Potential of molecular chaperones for treating Alzheimer’s disease

Gefei Chen 1,2,*, Jan Johansson 1
PMCID: PMC11090427  PMID: 38526266

Alzheimer’s disease (AD) is the most prevalent form of dementia, i.e., progressive memory loss and profound cognitive dysfunction, resulting in a considerable societal burden. At the neuropathological level, the brains of AD patients exhibit amyloid-β (Aβ) plaques, neurofibrillary tangles, and neuroinflammation (Sala Frigerio and De Strooper, 2016). The growing number of individuals affected with AD underscores the pressing need for the development of effective treatments, and a cure remains elusive. The pathogenesis of AD involves intricate molecular and cellular mechanisms that lead to progressive neurodegeneration and cognitive decline. A central tenet of AD pathogenesis is the amyloid cascade hypothesis, which posits that the accumulation of Aβ peptides plays a pivotal role in disease progression. Aβ derives from the amyloid precursor protein (APP) by BACE1 (β-secretase) and γ-secretase cleavages, and aggregates into plaques that eventually disrupt neuronal function. Concurrently, abnormal phosphorylation of the tau protein leads to the formation of neurofibrillary tangles, contributing to neuronal degeneration. Neuroinflammation, oxidative stress, mitochondrial dysfunction, and synaptic impairment further compound the pathology (Sala Frigerio and De Strooper, 2016). The intricate interplay of these phenomena underscores the challenges in treating AD, necessitating innovative therapeutic approaches to halt or slow disease progression effectively. Recently, monoclonal antibody drugs, like Aducanumab, Lecanemab, and Donanemab, have shown the ability to decelerate memory and cognitive decline in phase III clinical trials of early-stage AD (Boxer and Sperling, 2023). Aducanumab is designed to bind Aβ aggregates in both the oligomeric and fibrillar states rather than amyloid monomers, while Lecanemab has been proposed to target so called Aβ protofibrils. Donanemab is directed against N-terminally modified form of Aβ. These clinical trials collectively suggest that the approach to target Aβ represents an effective strategy for treating AD, particularly in its early stages.

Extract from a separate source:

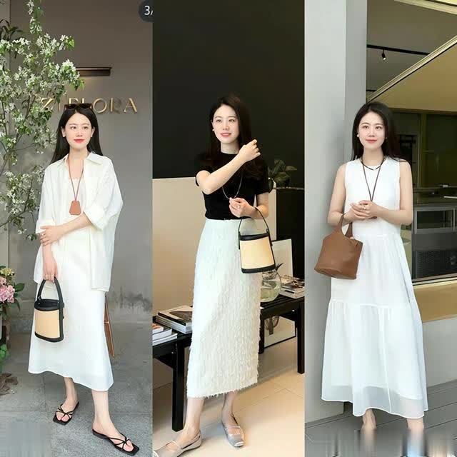 说实话,像这种白色长裙真的很温柔,如果你想要看上去更清爽,你可以尝试这种纯白色的连衣裙搭配或者是选择白色的衬衫配白色半身裙,保持上下色彩统一,这样的穿搭也显得很清爽,而且层次感会非常明显哦。

While antibody drugs have gained significant attention for their effects in mitigating memory and cognitive deterioration in early-stage AD, several crucial aspects warrant consideration, including (1) Efficacy and side effects: While the antibodies do play a role in slowing the progression of AD, the magnitude of their efficacy may vary, and the benefits need to be weighed against the probability of side effects (Boxer and Sperling, 2023). This underscores the importance of a thorough assessment of both the benefits and potential drawbacks of these drugs. (2) Blood-brain barrier permeability: The development of compounds for AD faces a notable failure rate, with many tested compounds, particularly antibodies, exhibiting poor permeability across the blood-brain barrier. This limitation poses an obstacle in treating central nervous system disorders and emphasizes the need for innovative approaches to enhance drug delivery. (3) Late-stage AD treatment: AD is typically diagnosed in its later stages, characterized by observable cognitive decline and memory impairment. It remains unclear whether drugs effective in early-stage AD exhibit the same efficacy in later stages. This highlights the necessity for treatment strategies that take into account the evolving nature of the disease. (4) Multifactorial nature of AD: Aβ is recognized as a significant contributor to AD, but it is probably not the sole driving force, and factors like tau pathology, neuro-inflammation, and oxidative stress also play integral roles. Thus, there is a growing acknowledgment of the need to develop interventions that comprehensively target the multifactorial aspects of AD.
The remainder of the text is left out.